*** Opening of Supplied material ***

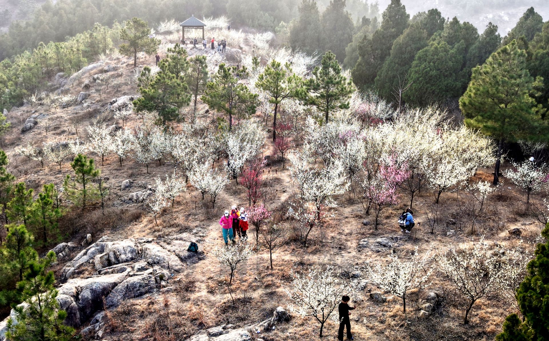 春暖花開,萬物復蘇,位于蚌埠市涂山風景區的綠梅嶺梅花盛開,吸引不少市民參觀打卡。
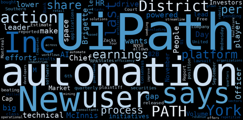 The game is changing. There is a new strategy to evaluate UiPath fundamental value, possible risks and most salient advantages. Investors have traditionally relied in reading large amounts of text to evaluate the fundamental value of a stock or company. However, the development of Artificial Intelligence (AI) tools is modifying the way investments are evaluated in markets. Today, machine learning, natural language processing and bigdata allow making this process automatic, reducing large amounts of text to the elements that have a higher activation in a neural network. We programmed an artificial intelligence that reads the whole internet and the uses natural language processing and vectorizers to summarize the information. Usually, the AI reads several hundred pages and summarize it to a short document. This document presents our results. We found that the most common words in the internet about UiPath are: UiPath, automation, user, say, Inc, action, District, and the …
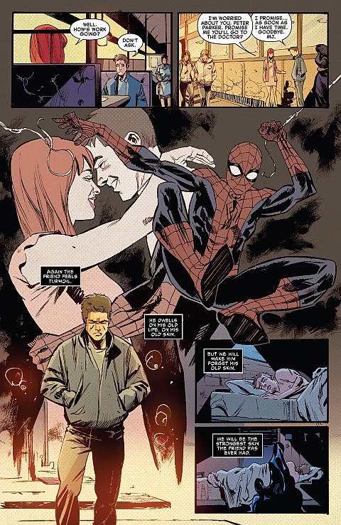 Peter budzi się dopiero o 5 po południu. Odwiedza go była dziewczyna, Mary Jane, i widząc, że coś go trapi, zabiera go na obiad. Wysłuchując jego problemów, doradza wizytę u lekarza. Symbiont, świadomy, że to spotkanie też poruszyło Parkera, ponownie zabiera śpiącego gospodarza na patrol, w czasie którego katuje zbirów, wspominając śmierć wujka Bena i Gwen Stacy. Peter budzi się w środku nocy z koszmaru. Zastaje Black Cat, która weszła do jego sypialni przez otwarte okno, choć rzekomo było zamknięte. Tłumaczy partnerce, że cierpi na bezsenność, mimo że śpi jak kamień. Cat ponawia apel o pójściu do lekarza.
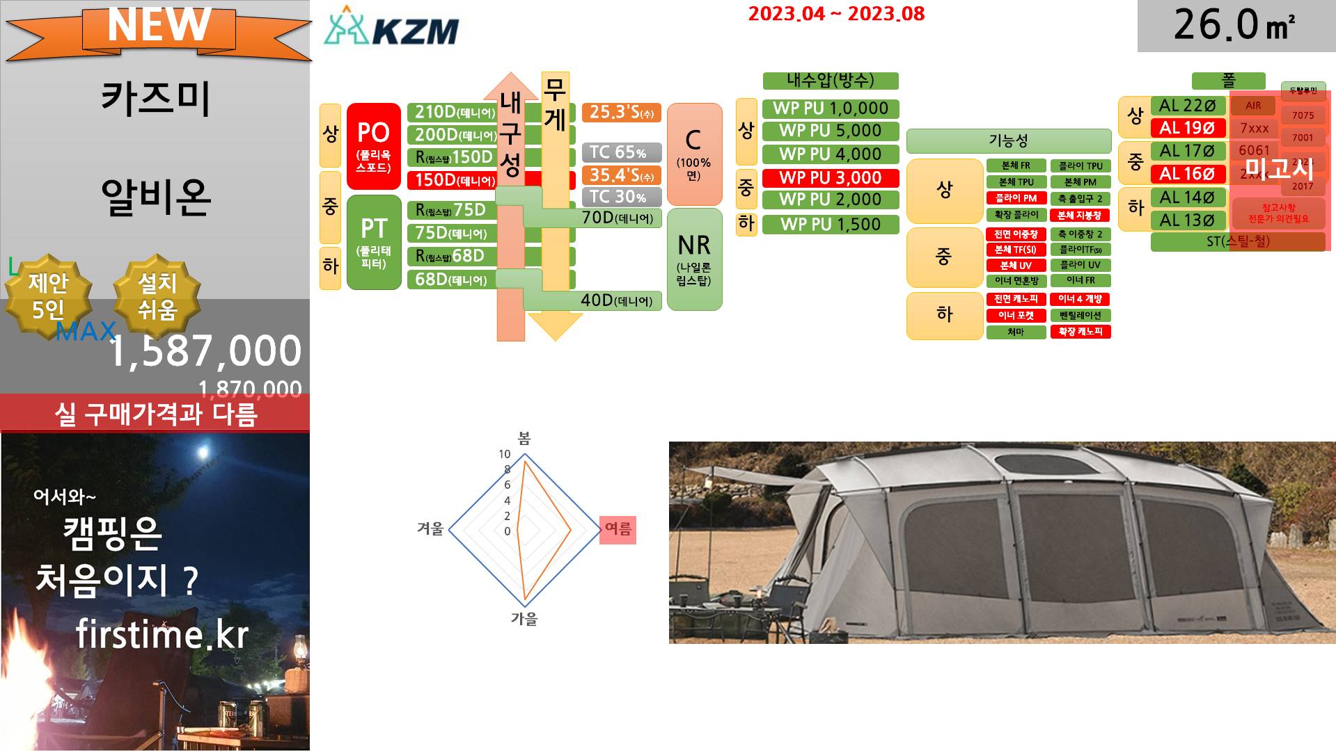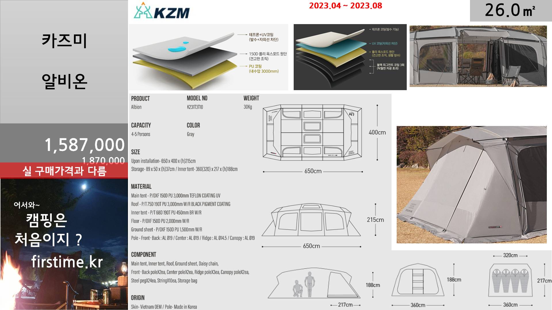 [기초정보] 카즈미 알비온거실형 텐트 기초 스펙 및 평면 2024. 1. 5. 10:14300x250

*** Close of Supplied material ***

Word for word, restate the whole listing and drop the images.

 春暖花開,萬物復蘇,位于蚌埠市涂山風景區的綠梅嶺梅花盛開,吸引不少市民參觀打卡。
 The game is changing. There is a new strategy to evaluate UiPath fundamental value, possible risks and most salient advantages. Investors have traditionally relied in reading large amounts of text to evaluate the fundamental value of a stock or company. However, the development of Artificial Intelligence (AI) tools is modifying the way investments are evaluated in markets. Today, machine learning, natural language processing and bigdata allow making this process automatic, reducing large amounts of text to the elements that have a higher activation in a neural network. We programmed an artificial intelligence that reads the whole internet and the uses natural language processing and vectorizers to summarize the information. Usually, the AI reads several hundred pages and summarize it to a short document. This document presents our results. We found that the most common words in the internet about UiPath are: UiPath, automation, user, say, Inc, action, District, and the …
 Peter budzi się dopiero o 5 po południu. Odwiedza go była dziewczyna, Mary Jane, i widząc, że coś go trapi, zabiera go na obiad. Wysłuchując jego problemów, doradza wizytę u lekarza. Symbiont, świadomy, że to spotkanie też poruszyło Parkera, ponownie zabiera śpiącego gospodarza na patrol, w czasie którego katuje zbirów, wspominając śmierć wujka Bena i Gwen Stacy. Peter budzi się w środku nocy z koszmaru. Zastaje Black Cat, która weszła do jego sypialni przez otwarte okno, choć rzekomo było zamknięte. Tłumaczy partnerce, że cierpi na bezsenność, mimo że śpi jak kamień. Cat ponawia apel o pójściu do lekarza.
 [기초정보] 카즈미 알비온거실형 텐트 기초 스펙 및 평면 2024. 1. 5. 10:14300x250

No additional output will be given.